In the February edition of Property Update we considered the case of Risegold v Escala. The case concerned a right of entry onto adjoining property for the purposes of carrying out rebuilding or renewal work to the property with the benefit of the right. The issue in the case was whether the right of entry could be used where the existing buildings (two single-storey industrial units) were being knocked down and a five or six storey mixed use development being erected in their place.

The High Court found that the proposed work went beyond "rebuilding or renewal" and that the right of entry could not therefore be used. The building owner appealed.

The Court of Appeal has overturned the High Court's decision.

The right of entry was reserved in a transfer in 1993. The court ruled that it must have been contemplated that the situation of the existing land and buildings would not remain the same for ever, and that there would be possible changes in the character of the area and of the buildings that might be put on the property.

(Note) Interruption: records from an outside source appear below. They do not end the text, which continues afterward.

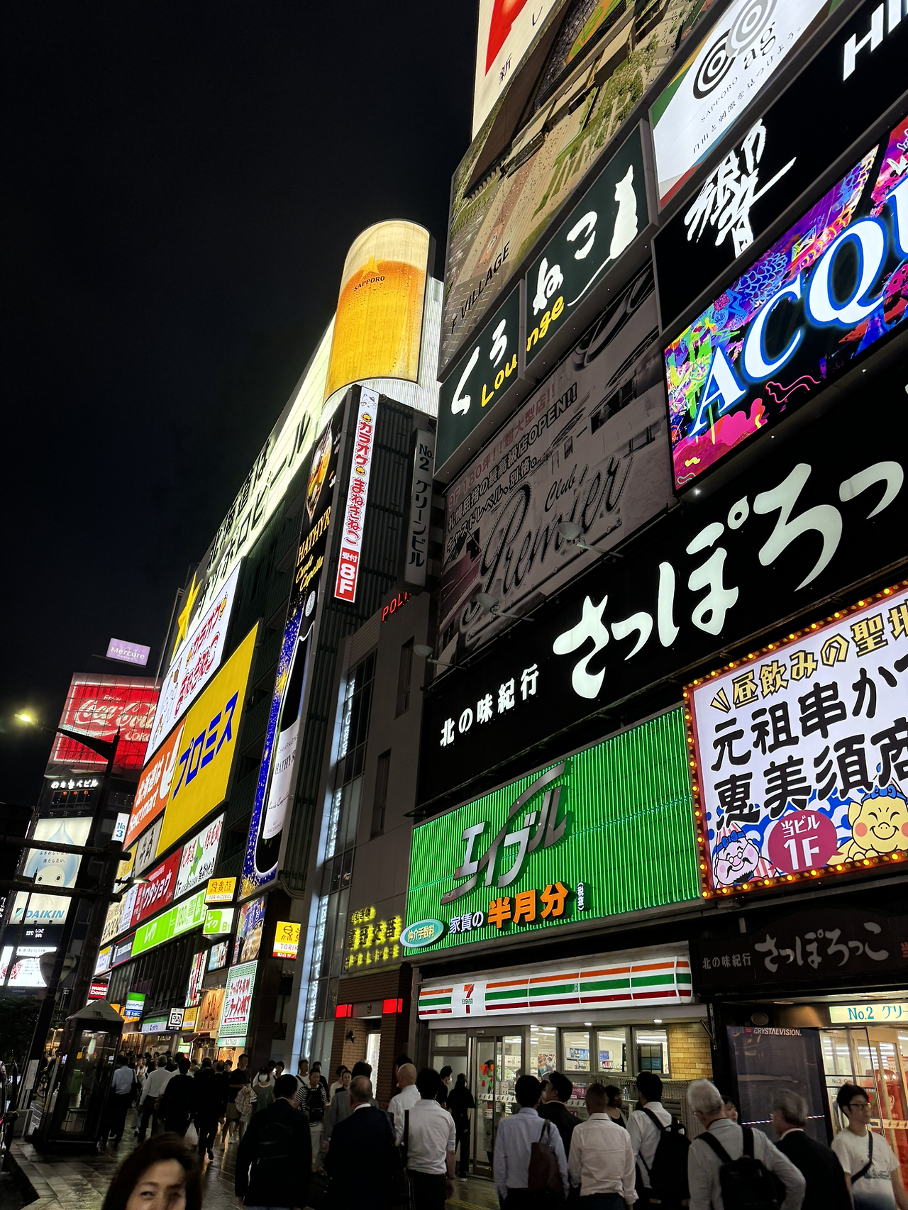 삿포로의 나이트 라이프를 담당하는 곳. 밤이 되면 온갖 네온이 불을 밝히고 근사하게 멋 낸 젊은이들이 모여든다. 늦은 밤까지 먹거리, 놀거리 등이 무한 제공되는 야간 스폿이자 최대 번화가이다. 서울의 홍대 앞이나 강남역, 뉴욕의 타임스퀘어 등의 역할을 담당하는 곳이다. 그런 지역들이 가지는 생태적 특성을 그대로 가진다. 합계 나이 246세 여행팀에게는 오래 머물고 싶은 곳은 아니다. 일본 다이소 한번 들어가 보고, 사진 찍고 후다닥 호텔로 귀가한다.
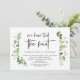 Moderno Script Preto, Tema de Jardim de Verão com Folhas verdes, cartão de convite de elopement de casamento (Nós demos o nó). É perfeito para a recepção de elopement de casamento / festa de celebração pós-casamento. Adicione seus detalhes em fonte / letra preta correspondente.
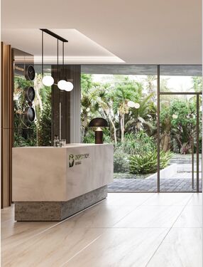 The architecture of the complex is defined by its practicality, eco-conscious design, and clean, cubic forms. Natural textures and a thoughtfully chosen palette of earthy tones allow the building to blend seamlessly into the lush tropical surroundings.
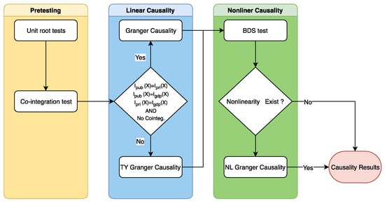 In the linear causality stage, the study examines the conditions that resulted in the pretesting stage. If the time series is stationary and there is no pairwise cointegration, then the linear causality is examined by the Granger test. If the condition is not satisfied, then the Toda-Yamamoto Granger test is performed for further analysis of the linear causality. In the last step, the BDS test is conducted to ascertain the existence of the nonlinear behaviors in the given time series. The nonlinearity test is performed for variables when the null hypothesis of the BDS, which is a series of independent and identically distributed random variables, is rejected [37]. In the case of the nonlinearity in a given time series, the study performs the nonlinear Granger causality test.

The right was reserved in favour of "the property", as defined in the transfer. The court held that this was not confined to existing structures at the time of the transfer but extended to the land on which those structures stood. "Rebuilding or renewal to the property" had to be read in that context.

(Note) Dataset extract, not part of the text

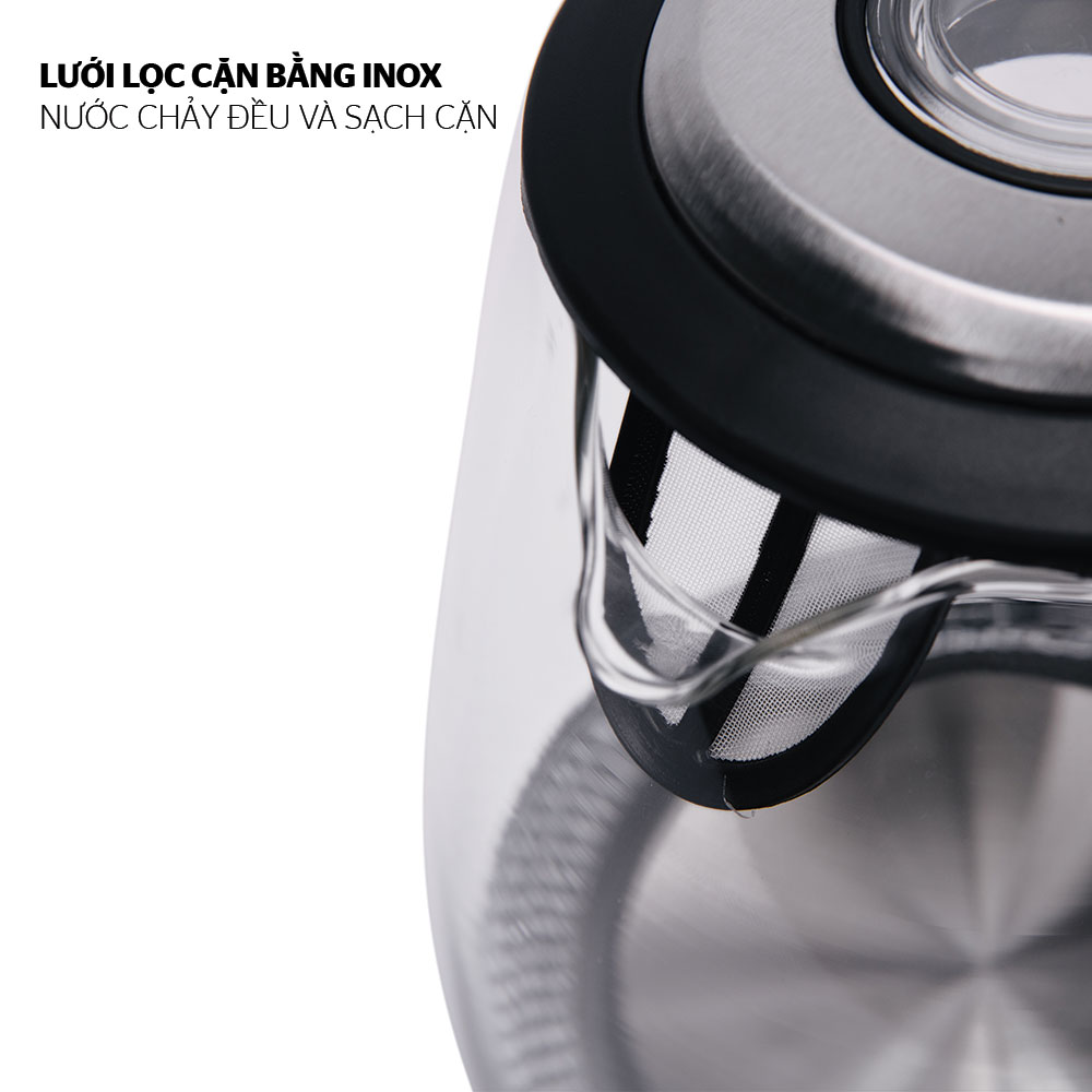 Thân bình ấm bằng thủy tinh trong suốt, kiểu dáng tao nhã nên khi đặt cùng bàn trà tiếp khách trông rất sang trọng và lịch sự.

The court did agree however with the High Court judge that comparisons with the use of the words "rebuilding" or "renewal" in planning legislation or leasehold covenants were unhelpful. It did not follow that because those terms might have a restricted meaning in those contexts, they should bear a similarly restricted meaning in a right of entry.

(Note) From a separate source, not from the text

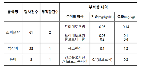 부적합 수산물은 조피볼락 2건, 뱀장어 1건, 농어 1건이며 부적합 수산물을 출하한 양식장에 대해서는 안전성조사를 실시하고 관련 법령에 따라 과태료 부과 및 고발 등의 조치를 취할 예정이다.

The Court of Appeal decided that "rebuilding" must be capable of bearing a broader and more flexible meaning than that favoured by the High Court. It included pulling down the existing buildings on the property and (i) putting up no new buildings in their place; (ii) putting up buildings similar to the demolished buildings; and (iii) putting up different buildings in the place of the demolished buildings. It would make no sense for example if the right could be exercised in order to erect similar buildings, but not to demolish the existing buildings without putting up anything in their place (which would arguably be less intrusive to the adjoining landowner). A literal construction of the right of entry produced consequences that were not sensible and were unlikely to have been within the reasonable contemplation of the parties at the time of the creation of the right.

The Court of Appeal also pointed out that the narrower construction favoured by the adjoining owner would introduce a significant element of uncertainty into the right of entry, since the exercise of the right would depend on whether or not the proposed buildings were similar to the existing buildings. While the High Court's conclusion was one possible construction of the easement, it was not the only possible construction and produced consequences that, in the Court of Appeal's view, would have surprised the parties if they had been drawn to their attention at the time the right was created. Some flexibility of meaning and certainty of operation was necessary to make the right work in a sensible way.

The court added that, in case its view on the meaning of "rebuilding" was wrong, it thought that the developer's proposals would have been covered by "renewal"; entitling it to exercise its right of entry on that ground. It thought that the effect of the drafting was that "renewal" bore a wider meaning than "rebuilding".

Things to consider

The Court of Appeal's decision will be helpful to developers who need access to neighbouring properties for the purposes of their development and who are trying to bring this within the scope of existing easements. Those drafting easements should ensure that, if rights are intended to be restricted, this is done expressly.